O Santo padroeiro do espírito polêmico
São Jerônimo o Santo que pode nos obter a virtude da fortaleza para batalharmos com denodo contra os nossos defeitos e os inimigos, velados ou declarados, da Igreja Católica.
Redação (07/05/2021, 17:45, Gaudium Press) Em seu mosteiro situado nos arredores do Presépio, em Belém, São Jerônimo dirigia os monges e também dava orientação espiritual às religiosas de um convento cuja superiora era Santa Paula.
“Suas sentenças pareciam raios”
Mas ele não se limitava a cuidar disso. Era um varão de grandes horizontes e, face às heresias que se propagavam pelo Império Romano, entrou rijamente na luta em defesa da Igreja e para a condenação dos fautores do mal.
Além de seus árduos trabalhos de tradução da Bíblia, São Jerônimo refutava vigorosamente os erros e as heresias que se propagavam naquela época.

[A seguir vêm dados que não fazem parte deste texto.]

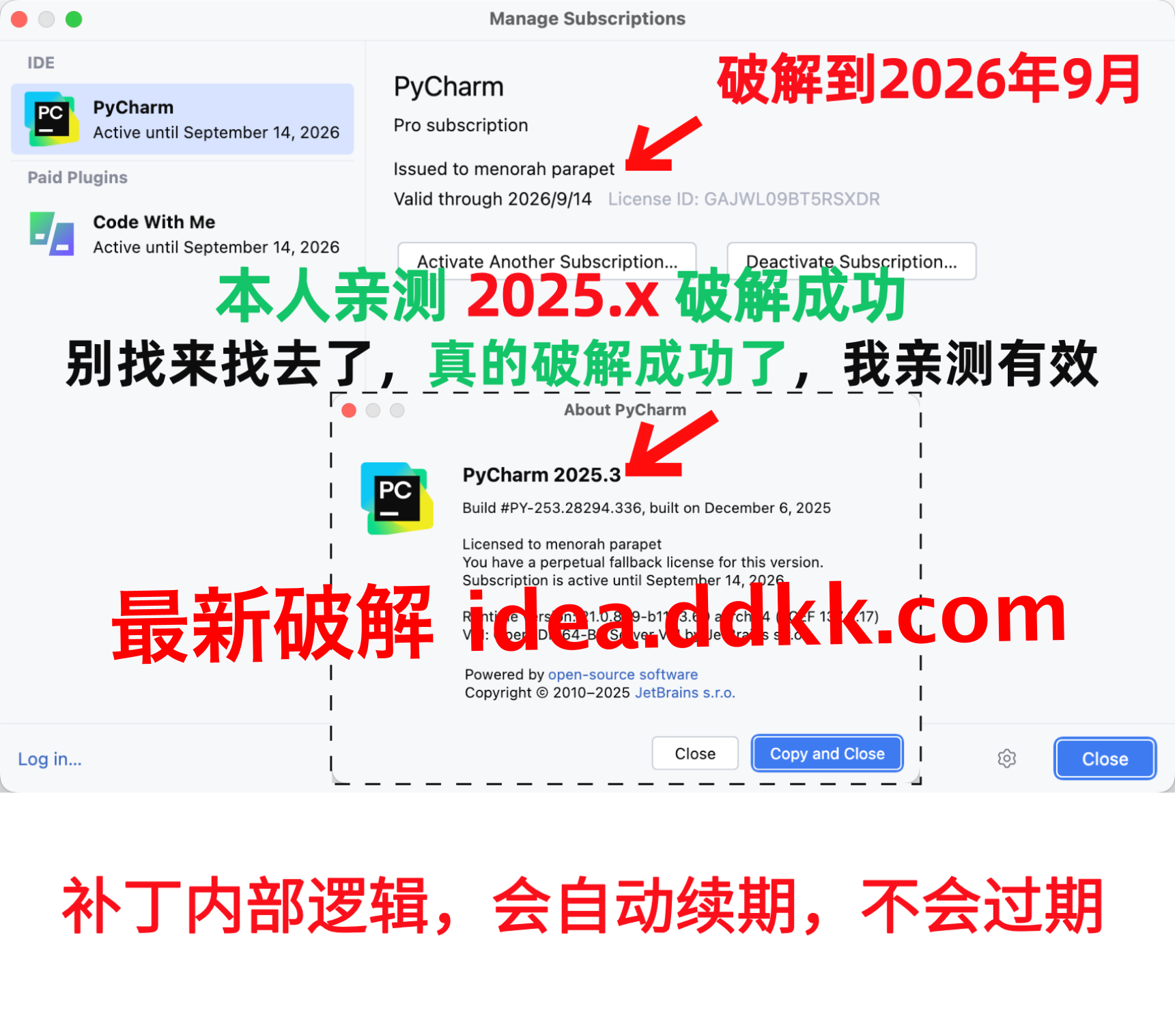 PyCharm 2025.3 破解补丁,不要移动位置,不要删除【否则破解失败】

Afirma Dr. Plinio Corrêa de Oliveira:
“Os seus escritos são de uma energia, para não dizer de uma violência, que pareceria desabotoada se não fosse ele um santo. E para as menores questões ele dava respostas de fogo tremendas, e deixava todo mundo tremendo diante dele. […] São Jerônimo pode ser considerado o padroeiro do espírito polêmico.”
E São João Bosco acrescenta que ele “escrevia com tal veemência contra os hereges, que suas sentenças pareciam raios”.

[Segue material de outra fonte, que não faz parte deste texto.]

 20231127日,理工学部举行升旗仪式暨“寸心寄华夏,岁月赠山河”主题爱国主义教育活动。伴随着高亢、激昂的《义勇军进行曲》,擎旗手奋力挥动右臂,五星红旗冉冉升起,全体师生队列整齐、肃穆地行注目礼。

O Patriarca de Jerusalém, João, defendeu Orígenes, o qual sustentava graves erros. São Jerônimo escreveu uma obra intitulada Tratado contra João de Jerusalém, em que refuta os desvios doutrinários desse bispo. Humilhado, o Patriarca proibiu que o Santo e seus monges entrassem na Basílica da Natividade, em Belém, e na Gruta onde Jesus nascera. Fez inclusive manobras visando que o Imperador Romano do Oriente, Arcádio, exilasse São Jerônimo, mas não o conseguiu.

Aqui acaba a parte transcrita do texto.